The next Peel Sessions appearance, from early February 1978, a half month after the Pistol's Winterland implosion, still has a Punk vibe. But something has changed. Something has shifted. One can hear that in "Hong Kong Garden," which would reach number seven on the UK Singles Chart at the end of summer.

By this time the band is in the studio with producer Stephen Lillywhite recording their debut album, The Scream (1978), which is released in November.


The Scream is a great album that was well received and peaked at number 12 on the UK Albums Chart. I would class it as one of the main pillars of Post-Punk along with Metal Box (1979), Entertainment! (1979) and Unknown Pleasures (1979). "Overground" is an incredible song:


Siouxsie and the Banshees 1979 followup album, Join Hands, is generally not as well received as The Scream.



In particular, the studio reprise of "The Lord's Prayer," the song that began it all for Sioux and Severin, is usually panned by the critics. But I think it is an exceptionally strong record.

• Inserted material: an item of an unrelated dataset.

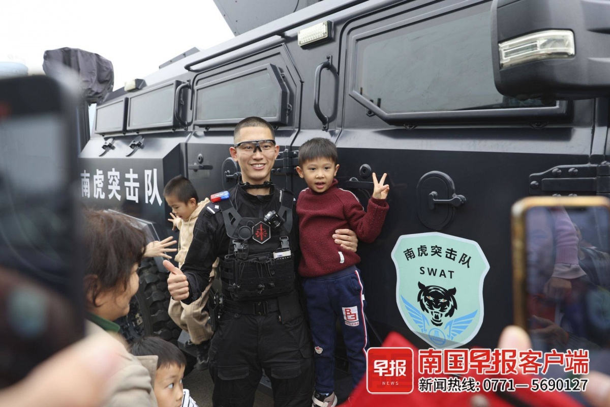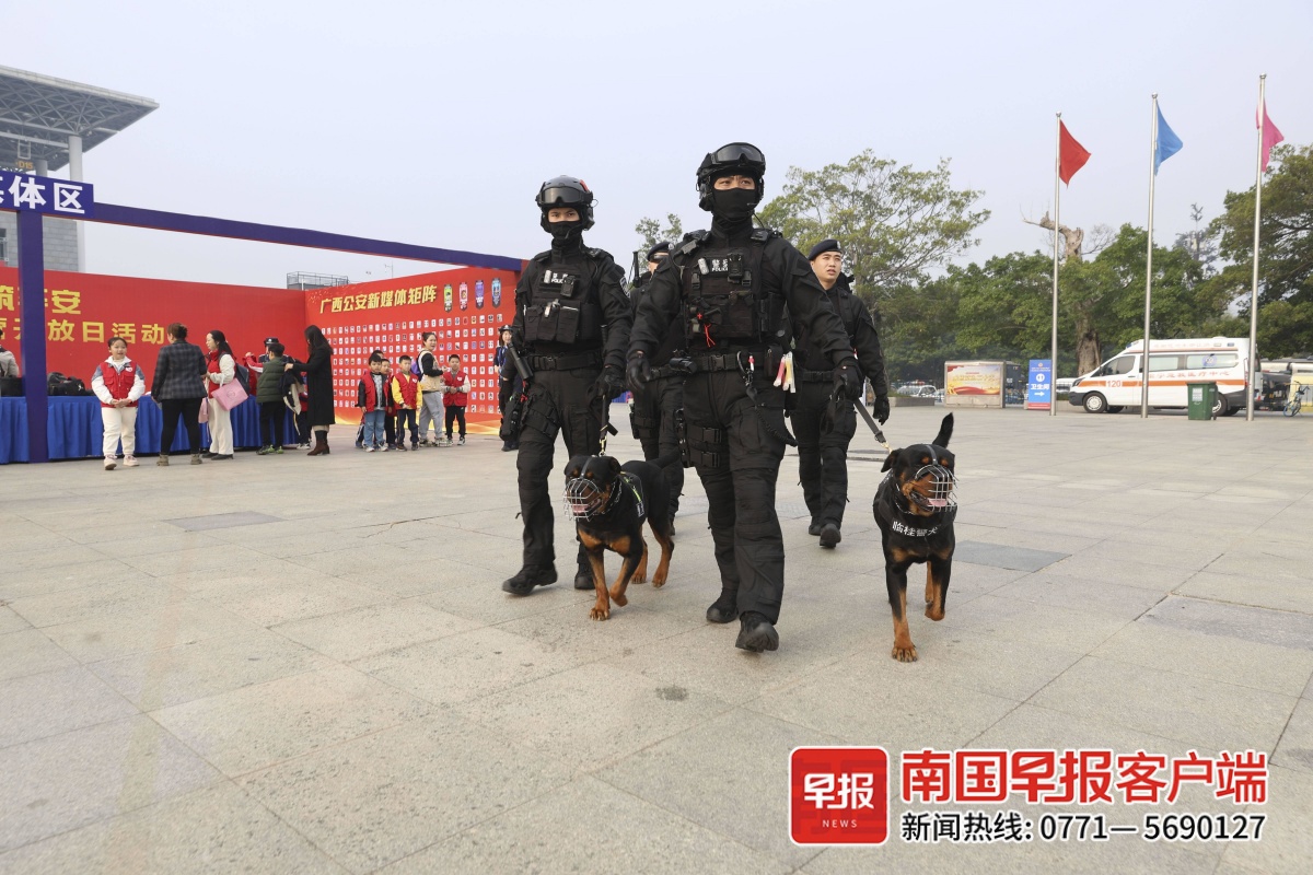 为庆祝即将到来的第四个中国人民警察节,1月6日,“警民心连心 携手筑平安”广西公安机关2024年警营开放日活动在南宁国际会展中心广场举行。当天共有6.8万人到现场参观了解广西公安打击犯罪战果,并零距离与帅气特警、可爱警犬互动,领略广西公安民警的别样风采。

There is tendency to downplay the excellence and the impact of The Scream and Join Hands, partly I think because of the success of Kaleidoscope (1980) and Juju (1981), albums which will be our focus next Friday. Siouxsie and the Banshees as time rolled on would be thought of mostly in relation to these two albums, as well as A Kiss in the Dreamhouse (1982). But in doing so I think we've missed out on some of the richness of Post-Punk.